We are seeing significant performance degradation in our Hadoop cluster because our Spark jobs are generating thousands of tiny KB-sized files. This is putting immense pressure on the NameNode memory. What are the best strategies for file compaction or partitioning to ensure our HDFS remains healthy and our downstream queries stay fast?
3 answers
The "Small File Problem" is a classic bottleneck in Big Data. The most effective way to handle this in Spark is using the coalesce() or repartition() functions before writing your data back to HDFS. coalesce is preferred as it avoids a full shuffle. You should aim for file sizes around 128MB or 256MB to match the HDFS block size. Additionally, you can implement a post-ETL compaction job that reads these tiny files and merges them into larger Parquet files. This significantly reduces the metadata overhead on the NameNode and speeds up data skipping during Hive or Impala queries.
That makes sense for batch jobs, but how do you handle this in a structured streaming environment where data is arriving every minute? Repartitioning every minute seems like it would add too much latency.
I suggest looking into the spark.sql.files.maxPartitionBytes configuration. Tweaking this helps Spark group small files more effectively during the read phase.
Great point, Kimberly. Managing how Spark reads these files is just as important as how it writes them to prevent the "skewed partitions" issue.

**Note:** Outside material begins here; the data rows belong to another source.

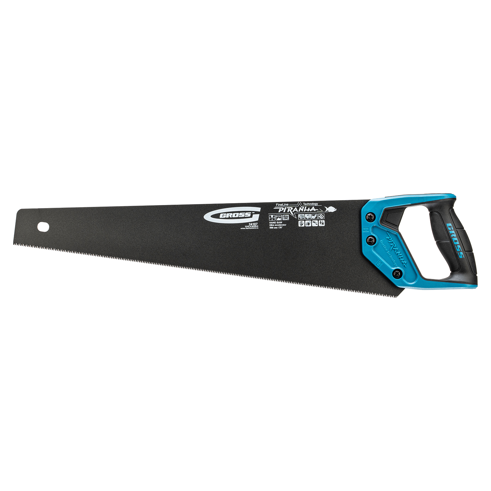 Ножовка по дереву Gross PIRANHA 24107 с полотном длиной 500 мм, калеными зубьями с 3D-заточкой и шагом 11-12 TPI, с тефлоновым покрытием полотна и 2-компонентной рукояткой, используется для продольного и поперечного распиливания древесины различных пород, МДФ, ДСП, ДВП, ламината, а также пенополистирола, полиуретана и других синтетических материалов. Рабочая часть состоит из мелких зубьев с шагом 2-2,3 мм, что позволяет получить ровный и чистый рез. Трехгранная заточка зубьев увеличивает производительность инструмента без потери качества распиловки. Ножовка предназначена для столярных работ.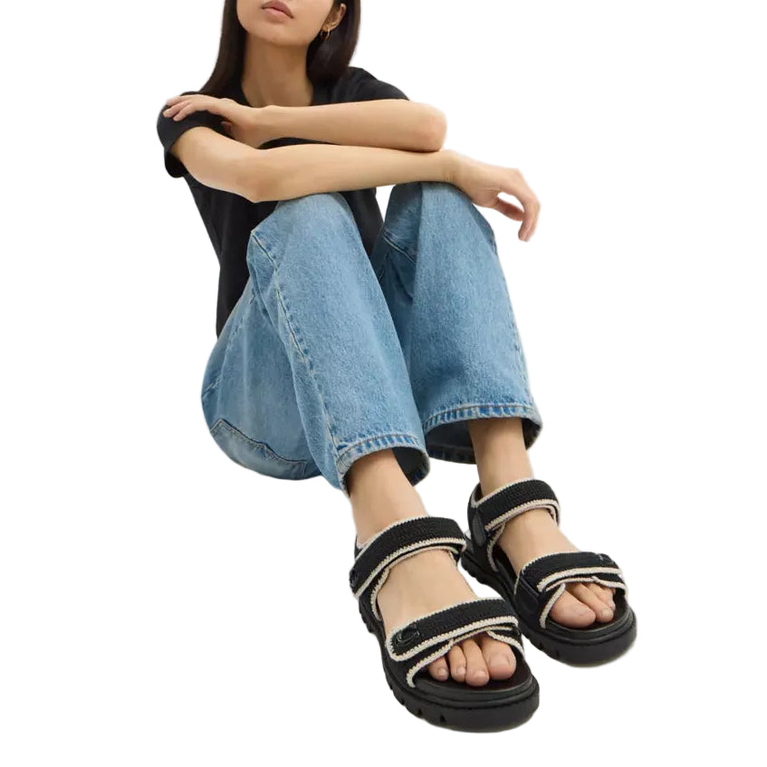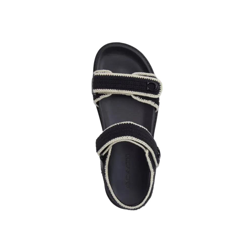 A laidback sporty design, our double strap Brynn sandal is crafted of two-tone crochet cotton yarn. Featuring a comfortable padded footbed, durable rubber outsole and adjustable Velcro closures for on-and-off ease, it’s finished with our tonal Signature hardware for a heritage touch.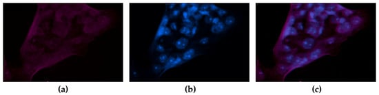 Microscopic field (40×) of immunofluorescent staining for PD-L1 with the (a) Cy7-labeled PD-L1-i in HCC827 (PD-L1+) cells; (b) DAPI staining; (c) merged image: PD-L1 stained red with Cy7-PD-L1-i and nuclei stained blue with DAPI.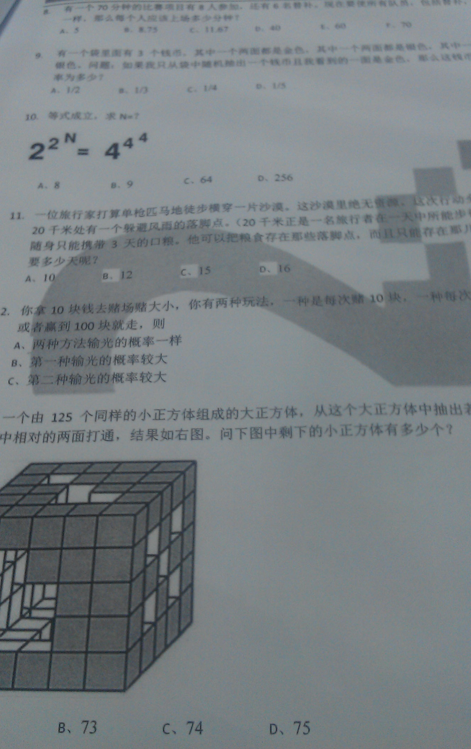智力题满新颖的,最后一题怎么也想不处怎么做,有知道的可以告知。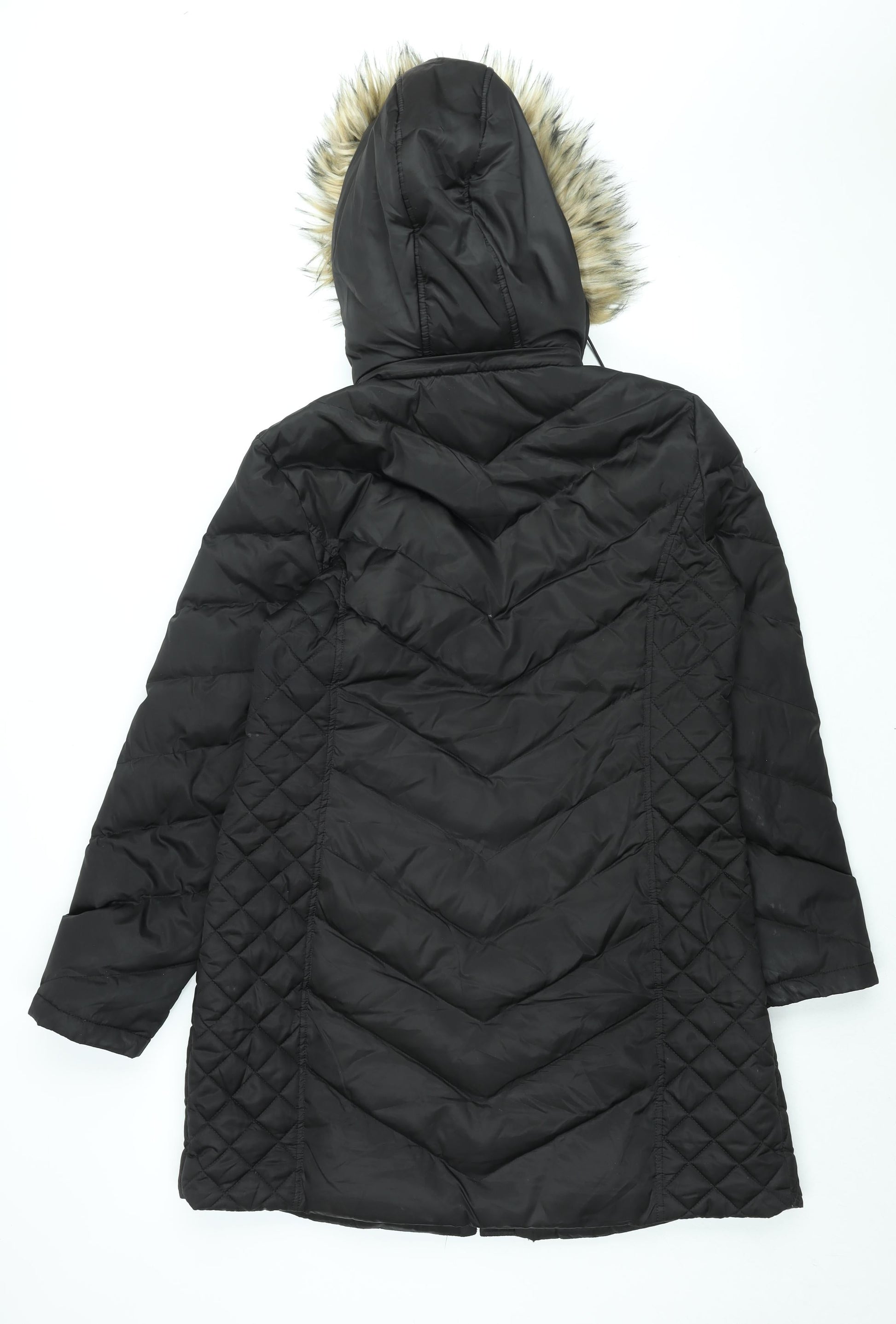 Kenneth Cole Reaction Womens Black Puffer Jacket Coat Size L Zip - Faux Fur Hood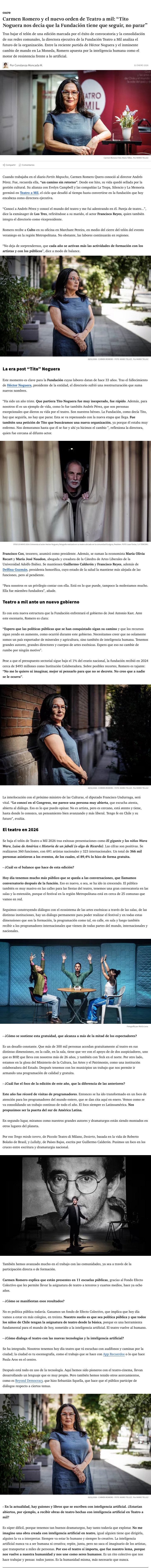 Carmen Romero: “Tito Noguera nos decía que la Fundación tiene que seguir, no parar” - (La Tercera)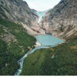 At the end of the scenic drive, the Briksdal Glacier and its accompanying lake come into view.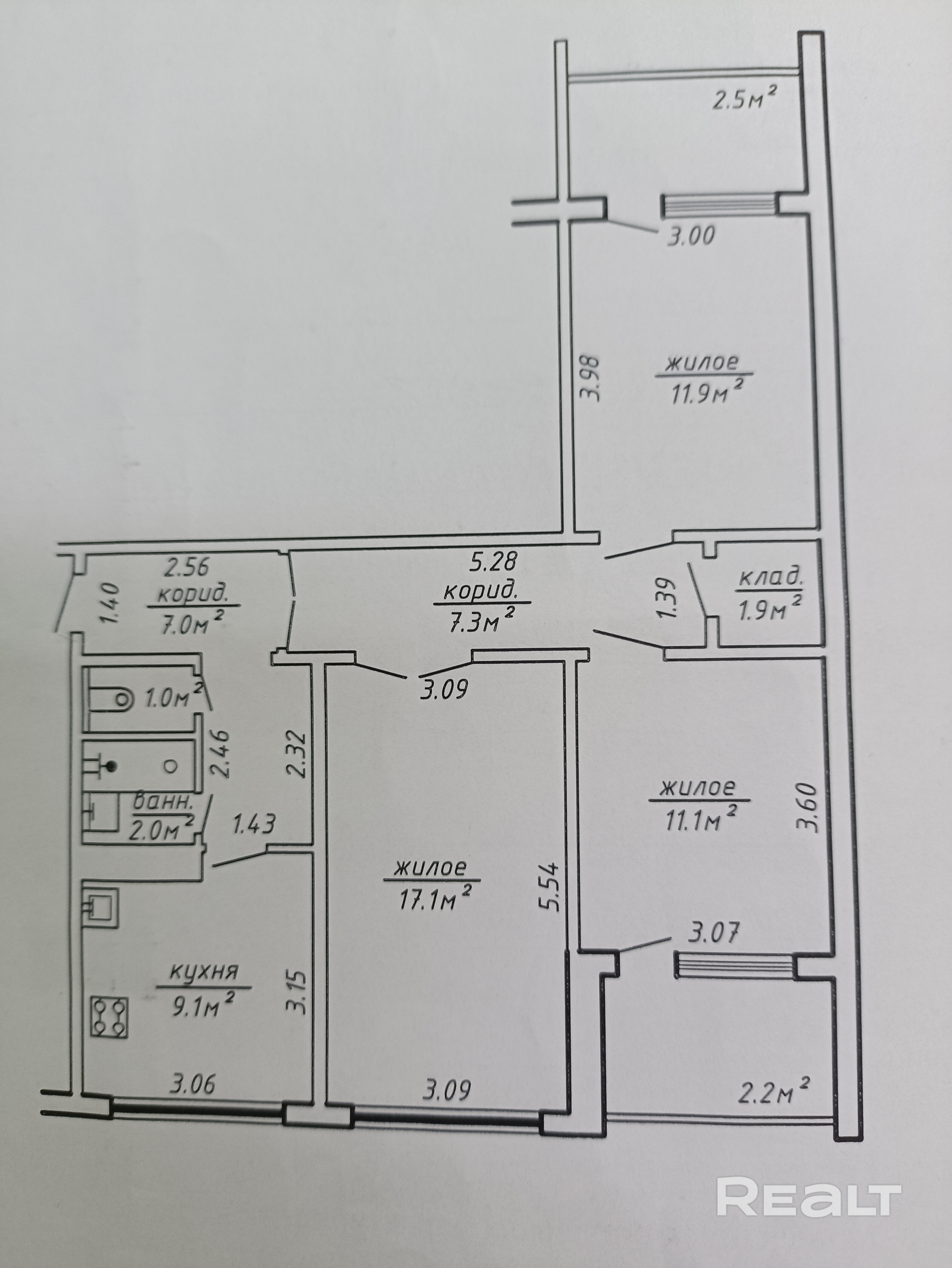 9.1 м²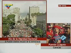 13 de abril 2009.- Con las típicas franelas de color rojo ataviando a cientos de caraqueños y personas provenientes de diversos estados del país, toda la avenida Urdaneta de Caracas se desborda con mucha alegría, para conmemorar junto al presidente Hugo Chávez, el Día del Rescate de la Dignidad Nacional, hoy 13 de abril, a 7 años del golpe de Estado de 2002.

You've hit on a tough one, Jeffrey. For streaming, we use "Trigger.Once" or "Trigger.AvailableNow" for micro-batches and then run a separate scheduled compaction task every few hours. Another modern approach is moving to a Lakehouse format like Apache Iceberg or Delta Lake. These frameworks have built-in "Auto-Optimize" features that handle the small file compaction in the background, so you don't have to manually manage file sizes in your Spark code. It has saved our team hours of maintenance work.